В просторной землянке их было четверо. Командир сидел за широким полированным столом, бог весть каким чудом оказавшимся в лесу. По бокам вполоборота к нему расположились комиссар и начальник штаба, за спиной которого пристроился Николай. Чтобы унять волнение, Иван Иванович начал потирать руки, взглянул мимо капитана Петрова на Николая и, будто удостоверившись в правильности расстановки сил, делая вид, что всё происходящее его занимает не очень, тихо и медленно заговорил:
— Занимательные вещи происходят у нас в отряде. Представьте себе: немцы каким-то чудом узнали о нашем свидании с соседями на хуторе Медвежьем. Как это вам нравится?
— Не очень, — сказал комиссар.
— Странно, — промолвил Николай.
Начальник штаба промолчал.
— Знают они всё: место, время и состав участников встречи.
— Очень странно, — сказал комиссар.
Командир закурил сигарету, с шумом выдохнул небольшой, но густой клубок. Дым поднялся к самому потолку, расползся в облачко и застыл на мгновение, будто раздумывая, что делать дальше.
— Нет, что ж тут странного? У них отлично работает разведка, — сказал командир и посмотрел на начальника штаба. — А как ты думаешь?
— Да, конечно, — торопливо и как-то угодливо ответил тот; всем показалось, что он смутился. Но может быть, только показалось?..
И Иван Иванович продолжал:
— Они спешно готовят полицейскую роту, комендантский взвод, одним словом, все свои наличные силы. От помощи отказались — так уверены в успехе! Поражает меня всё-таки одно: откуда они всё до тонкостей знают о нас?
— Чему ты удивляешься, мы ведь тоже про них кое-что знаем, — с лёгкой иронией возразил комиссар.
— И очень многое, — с готовностью поддержал комиссара начальник штаба. Он сидел на краю стула, перегнувшись в поясе немного вперёд. И во всей его фигуре, похожей на приготовившуюся к полёту большую птицу, в опущенных под стол руках, в его готовности подхватить и поддержать любую мысль и слово присутствующих — во всём чувствовалось огромное нервное напряжение.
— Встречу придётся отменить, я как представитель отряда Романа настаиваю на этом, — сказал Николай.
— Поздно, — с сожалением сказал комиссар, — ваши в пути, а представитель обкома уже прибыл в условное место.
— Я перехвачу наших… Дорогу знаю хорошо.
— А может, — бой! — сверкнув глазами, сказал командир.
— Сил маловато, — ответил комиссар.
— А что думает начальник штаба? — спросил Иван Иванович, и три пары глаз внимательно уставились на капитана Петрова.
— У них больше солдат, — лаконично ответил он и сделал вид, что его очень заинтересовала самодельная деревянная пепельница, стоящая на столе.

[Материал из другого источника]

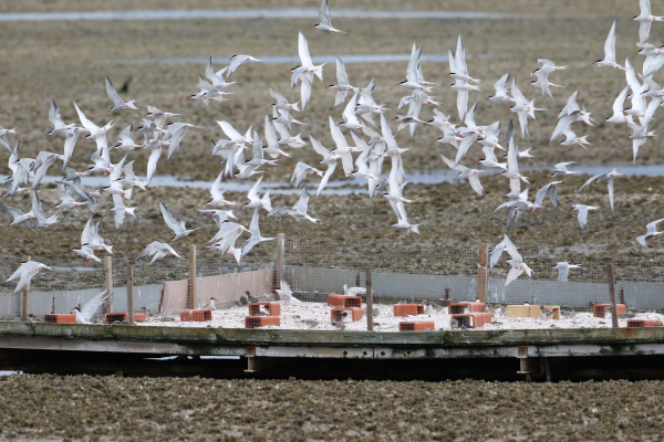 The artificial nesting platform is located on the intertidal mudflats of Montrose Basin Local Nature Reserve. The raft provides a safe nesting site for common terns, with estimates of over 100 chicks observed in the 2024 breeding season.
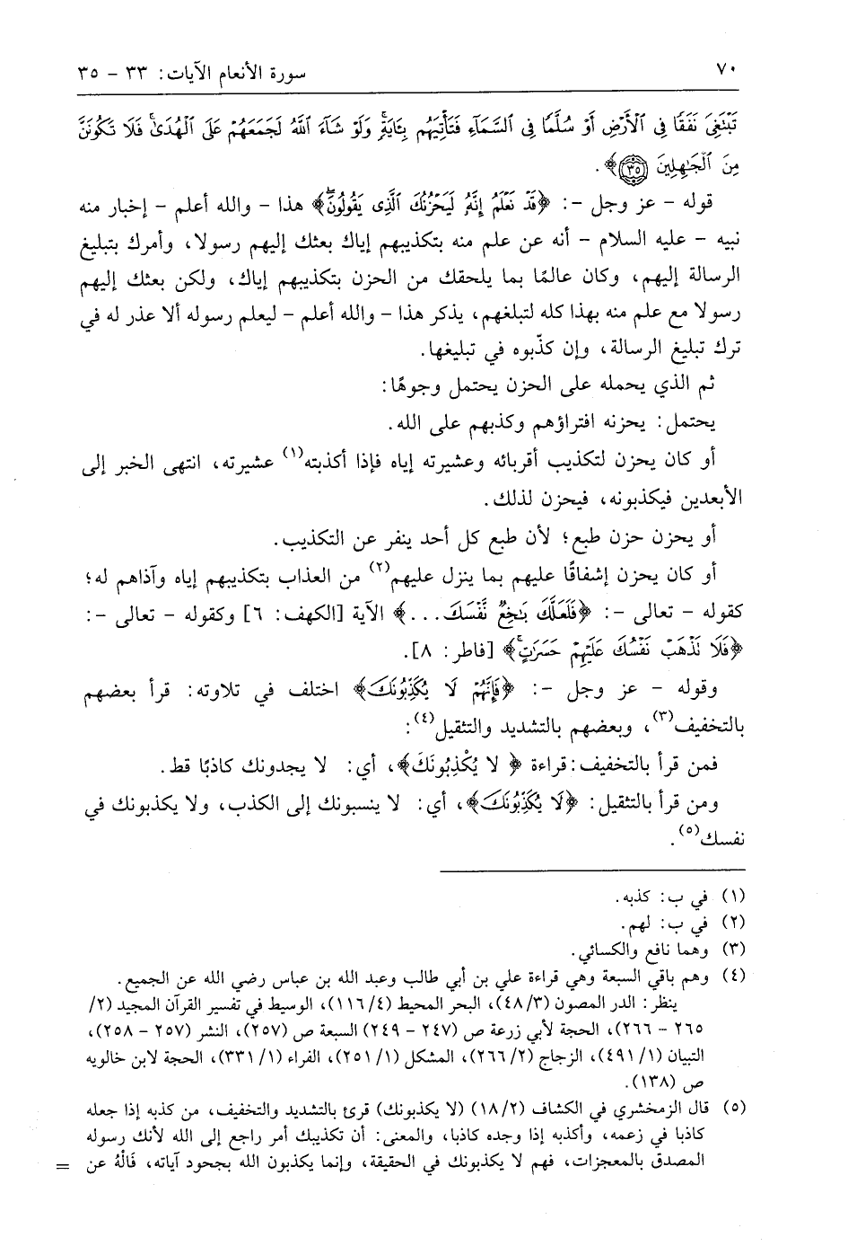وقوله - عَزَّ وَجَلَّ -: (فَإِنَّهُمْ لَا يُكَذِّبُونَكَ) اختلف في تلاوته: قرأ بعضهم بالتخفيف، وبعضهم بالتشديد والتثقيل:

— Да, но мы нападём неожиданно.
— Это так, конечно, но не лучше ли не рисковать людьми, а просто перенести место встречи?
— А на хуторе фрицам устроить хорошую баню, — поддержал Николай.

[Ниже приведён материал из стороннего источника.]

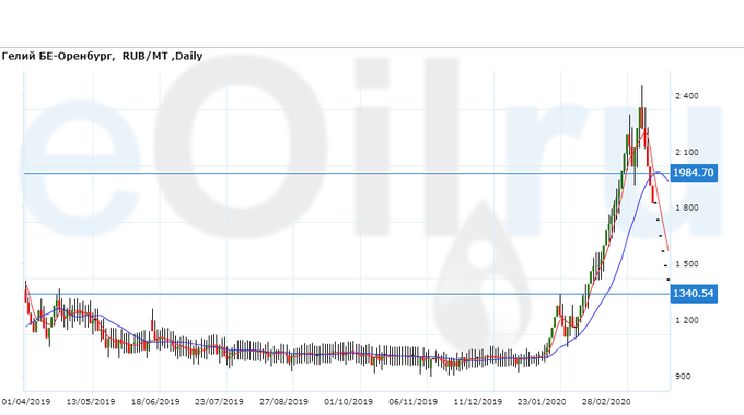 Цены на гелий газообразный, базис поставки Оренбургская область, не изменились за неделю, и составляют 1823 рубля за тонну.
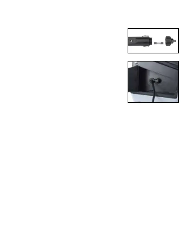 • 12v fuse is located in the plug adaptor: unscrew the tip,

И опять три пары глаз посмотрели на Петрова, — он тревожно молчал.
Разговор продолжил командир:
— Затянули мы с этой встречей. Носимся, как кошка с рыбой: где положить, как съесть… Нужно принимать решение.
— По-моему, предложения Петрова и Николая разумны, в них есть рациональное зерно.

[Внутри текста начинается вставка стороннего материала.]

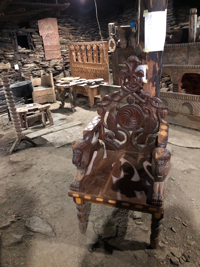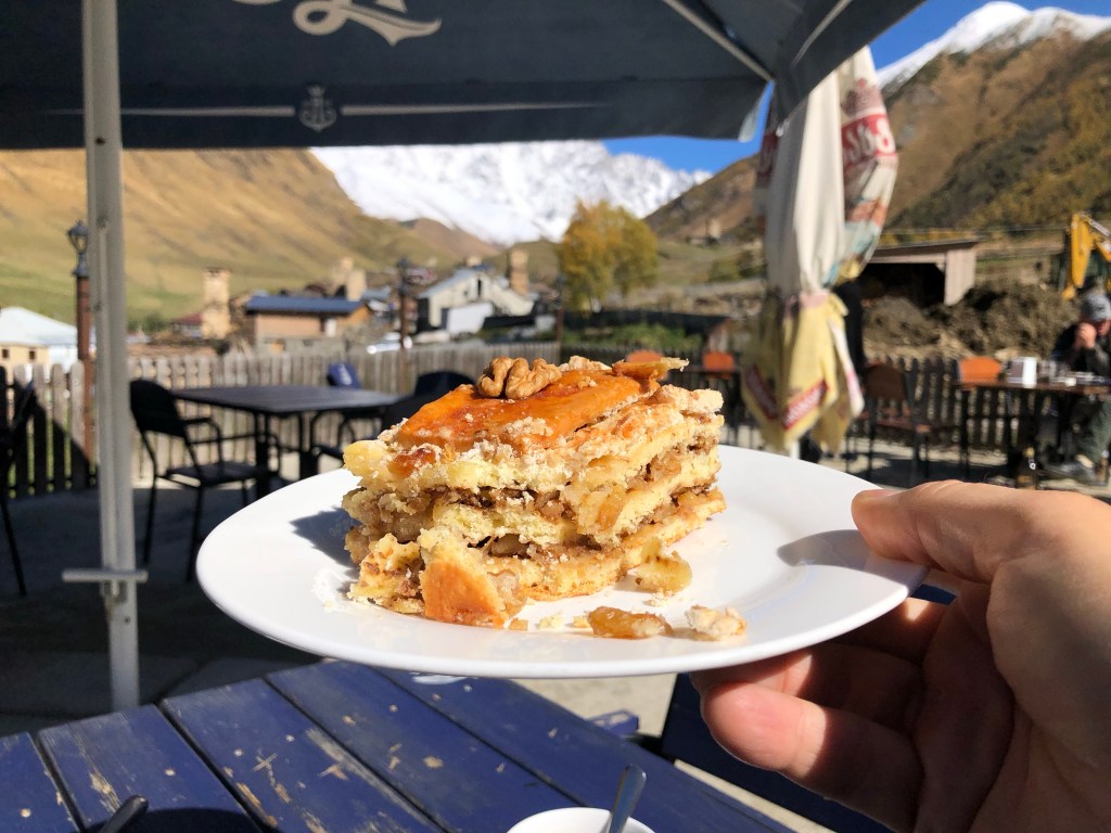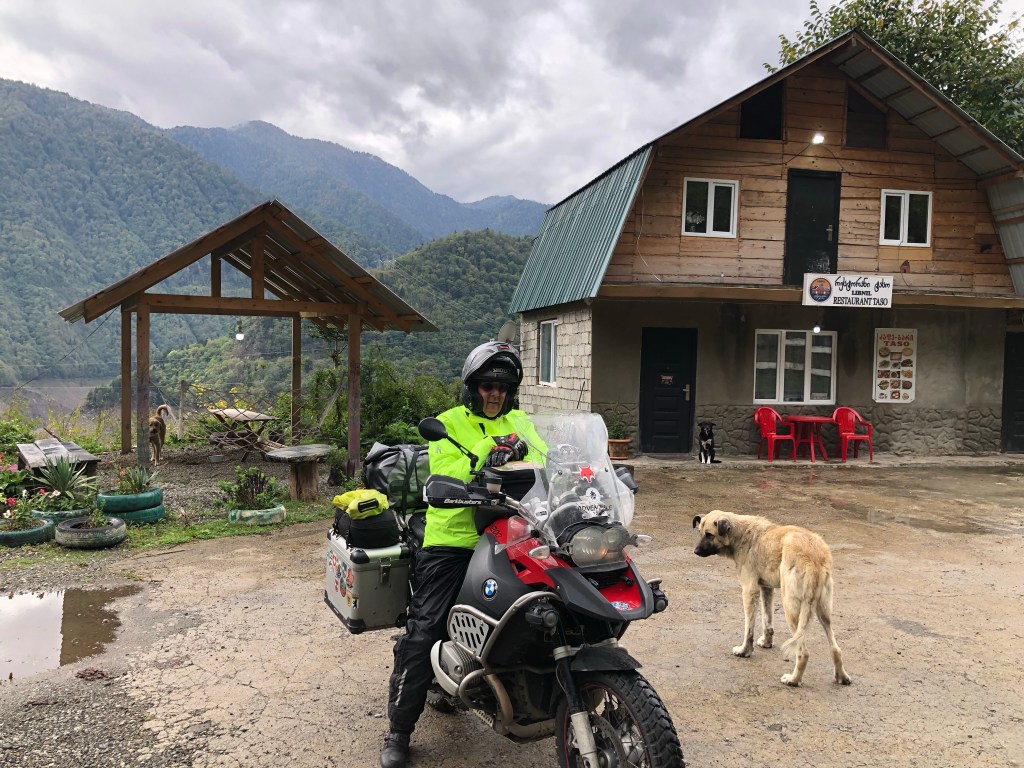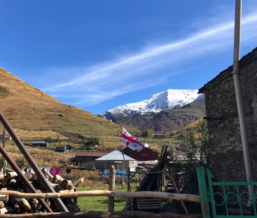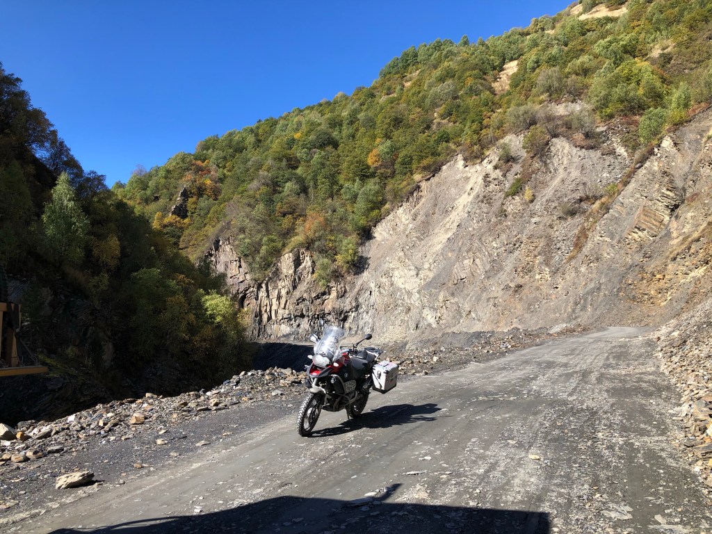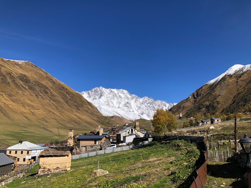 Ushguli besteht aus fünf kleinen Gemeinden und liegt auf 2.100m am Beginn der Enguri-Schlucht. Es ist eines der höchstgelegenen ununterbrochen bewohnten Bergdörfer Europas. Durch die Abgeschiedenheit hat sich die traditionelle Architektur der Wehr- und Wohntürme erhalten, die Svan-Türme. Von Zugdidi führt eine befestigte Straße bis Mestia und dann noch zirka 35 km rein in das Enguri-Tal. Die letzten rund 10 Kilometer sind noch unbefestigt. Wir hatten uns diesmal auf die Wetter-App verlassen, denn nur der Mittwoch sollte mit strahlendem Wetter aufwarten. Die letzten Tage hatte es auch hier in der Region stark geregnet, was man an den teilweise noch reißenden Flüssen sehen konnte. Und in der Tat, am Mittwoch war Kaiserwetter, besser ging gar nicht. Die frisch angezuckerten Bergriesen des Kaukasus glitzerten schon in der Morgensonne. Die Temperatur war zwar winterlich. Sogar das Schneeflöckchen auf der Anzeige beim Motorrad zeigte sich erstmalig. Wir mussten da hoch, es gab kein zurück. Kurve um Kurve kletterten wir immer höher umzingelt von der atemberaubenden kaukasischen Bergwelt. Die Schönheit dieser Landschaft ist unbeschreiblich. Mühelos manövrierte uns der Bock-Chef rauf nach Ushguli. All zu viele Motorräder kommen um diese Jahreszeit hier nicht mehr an. Wir nahmen uns auch richtig Zeit, um das Dorf zu durchwandern und die frische Luft zu geniessen.

— Далась тебе твоя пшеница, — с досадой проговорил командир. — А, по существу, у нас нет другого выхода. Итак, место встречи переносим, карателям устраиваем засаду. Решено?
— Решено, — ответил комиссар.
— Согласен, — проговорил Николай.
— Тогда за дело! — сказал командир.
— Подожди немного, — опять заговорил комиссар, — остаётся один недоуменный вопрос: как немцы узнали о предстоящей встрече, ведь никто, кроме нас четверых, об этом не знал.
Напряжение висит в воздухе, все молчат. Трое — по заранее разработанному плану, а четвёртый… И тут он допускает ошибку:
— А почему нельзя предположить, что информация до немцев дошла от отряда Романа? Кто знает, может быть, они менее осторожны, чем мы.